Telugu Track listing (Kanam)
| No. | Title | Singer(s) | Length |
|---|---|---|---|
| 1. | "Jo Lali Jo" | Swagatha S. Krishnan |  |
| 2. | "Sanjali" | Aravind Srinivas, Anu Anand |  |
| 3. | "Kaname" | Latha Srinivas |  |
| 4. | "Voice of Kanam" | Chennai Orchestra |  |
| 5. | "Sound of Revenge" | Chennai Orchestra |  |

==Release==
Diya faced delays in its release due to a strike declared by the Tamil Film Producers Council, with the delays also affecting Kanam; after the strike ended, both versions were released on 27 April 2018. Diya had its television premiere on 7 August 2019 via Zee Cinema.

==Reception==
Diya and Kanam received mixed reviews from critics.

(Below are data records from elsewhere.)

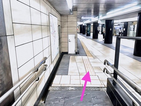 1番線が新木場方面行きホーム(5号車1番扉/先頭から6両目)
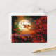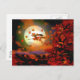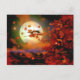 Ett Halloween-vykort med mitt verk av silhuetten av en häxa som flyger av en spooky fullt på Halloween-natten, som rör om höst löv.
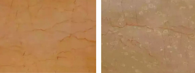 从材料来比较,我们的石材材料全部都是级别很高的特级或A级产品,都是质量很高的等级。大理石根据其品相可分为:特级和A、B、C以及其他级别,其品相则逐级递减。品相越纯,出产率越低,而价格也会相应更高。下面两块“帝王金”分别就是A级和C级。
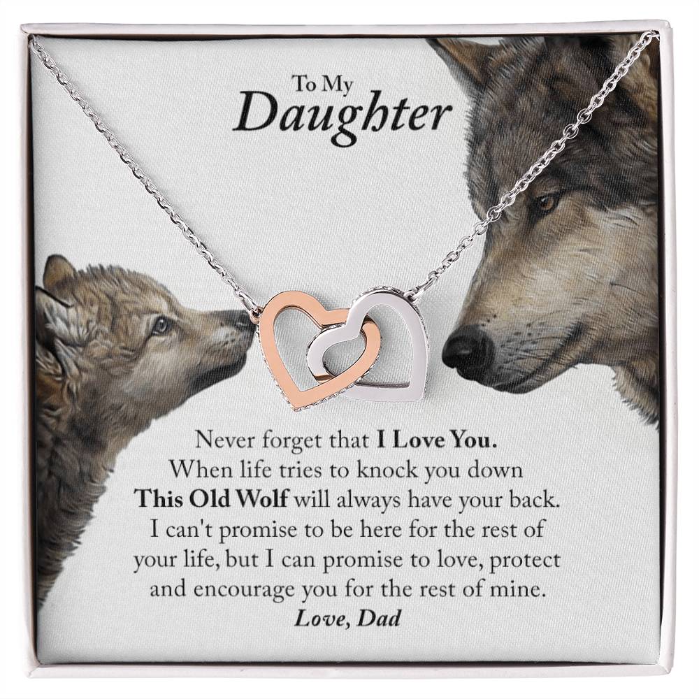 Daughter - This Old Wolf Will Always Have Your Back In Usa Interlocking Hearts Necklace
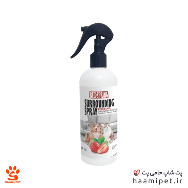 محلول ضد عفونى كننده محیط رد اسپرینگ با عصاره توت فرنگی بر پایه نانو نقره، از بین برنده بو و رد ادرار فرموله شده برای ضد عفونى كردن و تمیز كردن لوازم، اكسسورى، ظرف غذا جاى خواب، باكس، قفس و محیط زندگی سگ و گربه خانگى شما.
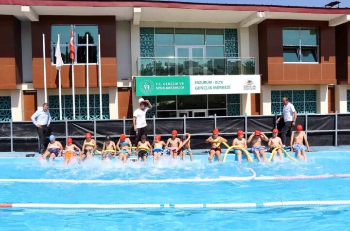 Erzurum'un Oltu ilçesindeki fiyatsız yüzme kursları yaz sıcaklarından bunalan çocuklara hem serinleme hem de...
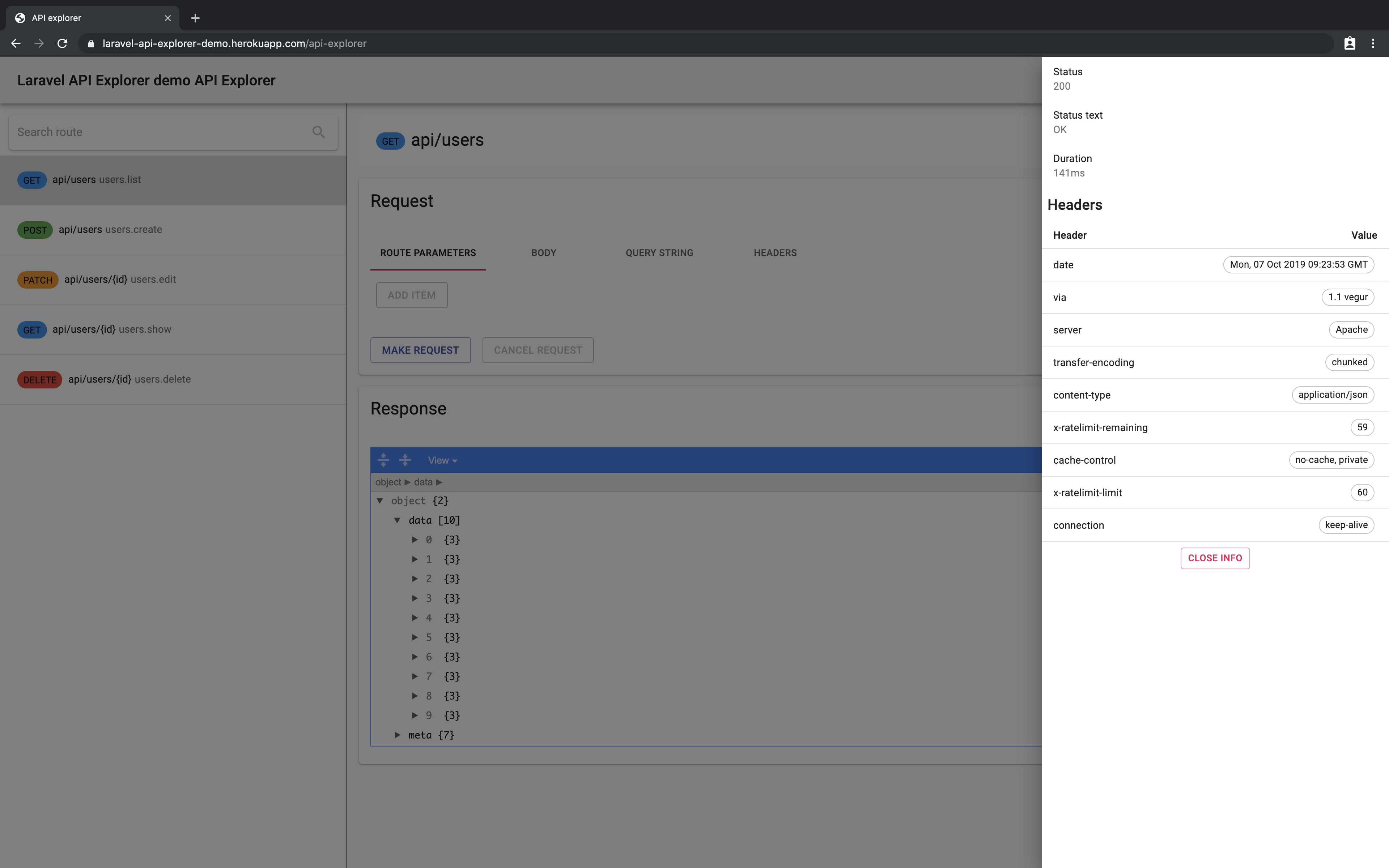 https://laravel-api-explorer-demo.herokuapp.com/api-explorer

Ashameera Aiyappan of The Indian Express gave it a rating of 2.5/5 and said, "The story is predictable. There isn't much surprise beyond the first few minutes until the very end." However, she praised the music and said Sai Pallavi "makes a strong debut in Tamil with an incredibly subtle and measured performance." Priyanka Sundar of Hindustan Times gave a rating of 1.5/5 and said, "Sai Pallavi's stunning performance cannot save this confusing film." Kirubhakar Purushothaman of India Today also gave the same rating and said it "comes across as a half-baked, confusing at times, bothering take on the whole issue of abortion."

Sify criticised the film's predictability and lack of chemistry between the lead actors but lauded the short runtime, cinematography, CG and background score. M. Suganth of The Times of India gave a rating of 3/5, praising the performance of Sai Pallavi, cinematography and music but said, "Despite these strengths, Diya isn't compelling enough." Regarding Kanam, Neeshita Nyayapati of The Times of India stated, "One would expect Kanam to be nothing less than a thriller that will keep you guessing and at the edge of your seat. However, it fails to live up to that expectation".